The design of memory storage is critical to the performance of modern computer systems. In general, memory management involves circuitry and control software that store the state of a computer and programs executing on the computer. The term “memory management” has three distinct meanings in the computer industry: hardware memory management, operating system memory management, and application memory management. Hardware memory management involves hardware devices usually implemented in or closely coupled to a CPU such as memory management units (MMUs), single in line memory modules (SIMMs), RAM, ROM, MMUs, caches, translation lookaside buffers (TLBs), backing store, and processor registers, refresh circuitry and the like.
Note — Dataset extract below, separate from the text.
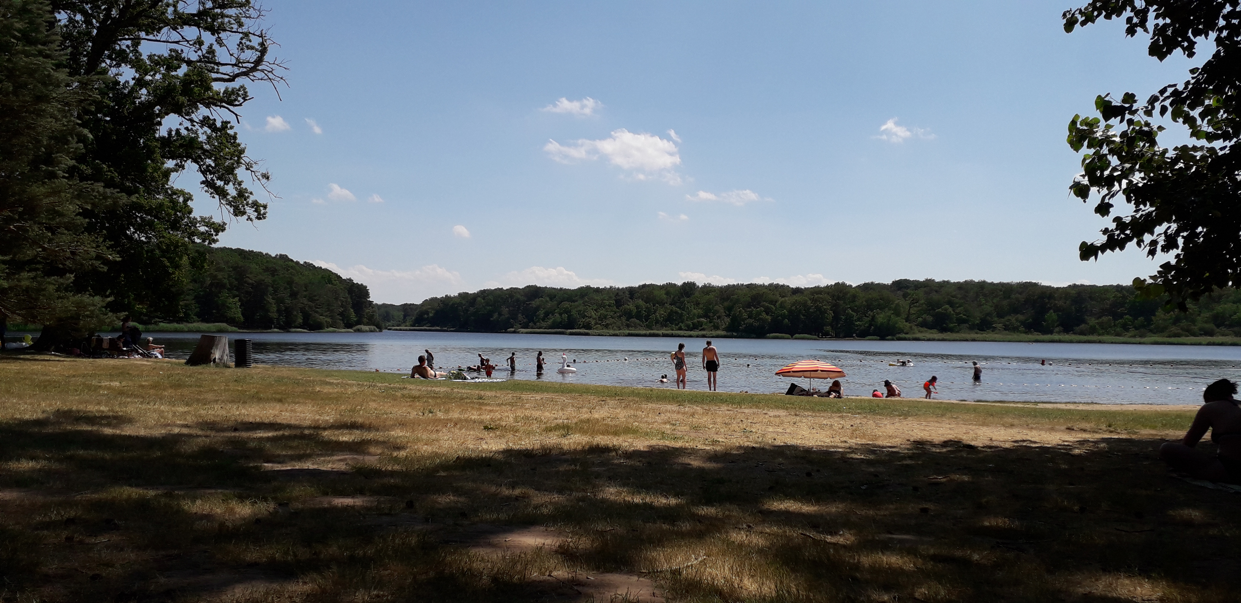 Baignade interdite par manque de maître nageur. Moins de monde que d’habitude Dommage sinon bel endroit au milieu de la forêt de Tronçais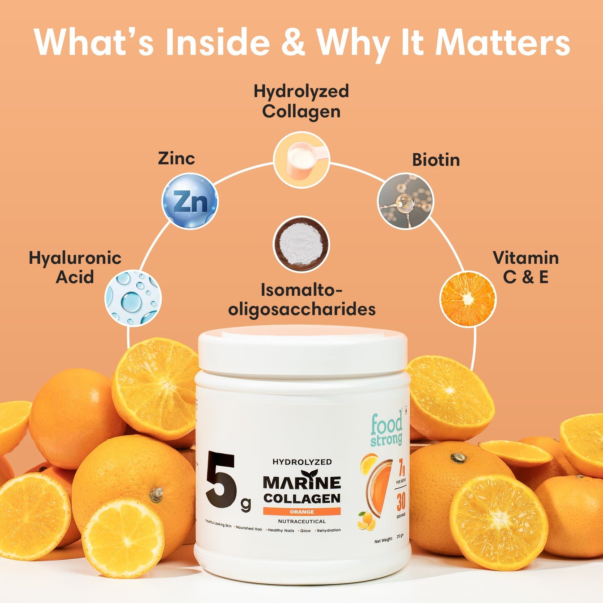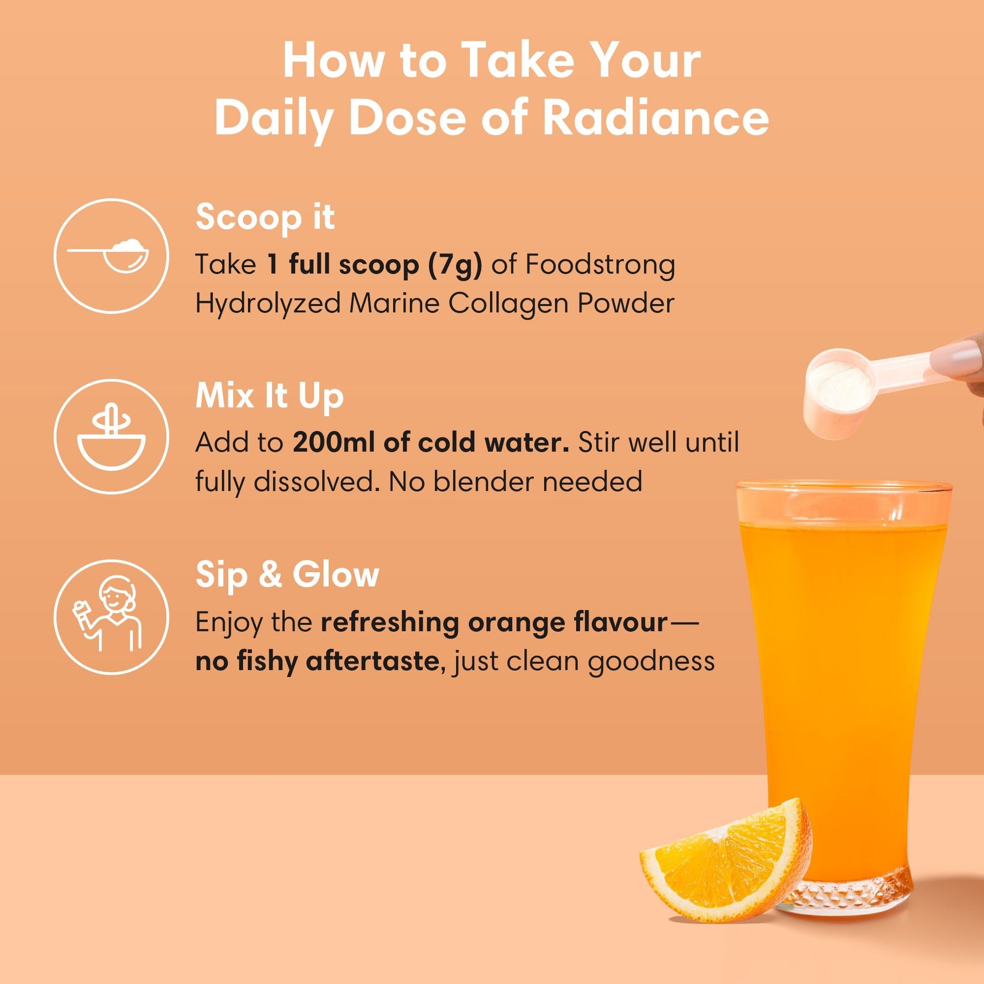 Hydrolyzed Marine Collagen Powder – Orange Flavour | 30 Servings

Operating system (OS) memory management handles behavior implemented in the operating system including virtual memory, paging, segmentation, protection and the like. Application memory management handles behavior implement by application software for memory area allocation, object management, garbage collection, and debugging.[0007]
Applications principally use two dynamic memory structures: a stack and a heap. A stack is a data structure that allows data objects to be pushed onto the stack and popped off it in the reverse order from which they were pushed. Memory requirements for the stacks in a particular application are typically known when an application is compiled. The “heap” refers to memory that is allocated at run-time from a memory manager, which can be of run-time-determined size and lifetime. The heap is used for dynamically allocated memory, which is usually for blocks whose size, quantity, or lifetime could not be determined at compile time. The reclamation of objects on the heap can be managed manually, as in C, or automatically, as in the Java programming environment.[0008]
In a conventional memory architecture the memory address space is divided into multiple pages. A particular program is assigned a number of pages of memory. When the program needs more memory, it can be allocated one or more additional pages. Because the pages allocated to a program do not have to be contiguous in physical memory, the program can be allocated additional memory so long as additional pages are available. Prior architectures rely heavily on the hardware MMU to handle this dynamic allocation of pages.[0009]
The memory management mechanisms operate in concert such that when data required by an application is not loaded in physical memory when demanded by the application, a “page fault” is generated which causes the operating system to “page in” the missing data. The hardware memory management mechanisms operate to determine the physical address of the missing data and load the data from slower memory or mass storage. In a cached memory system, the hardware memory management mechanisms attempt to keep the most likely to be used data in fast cache memory.[0010]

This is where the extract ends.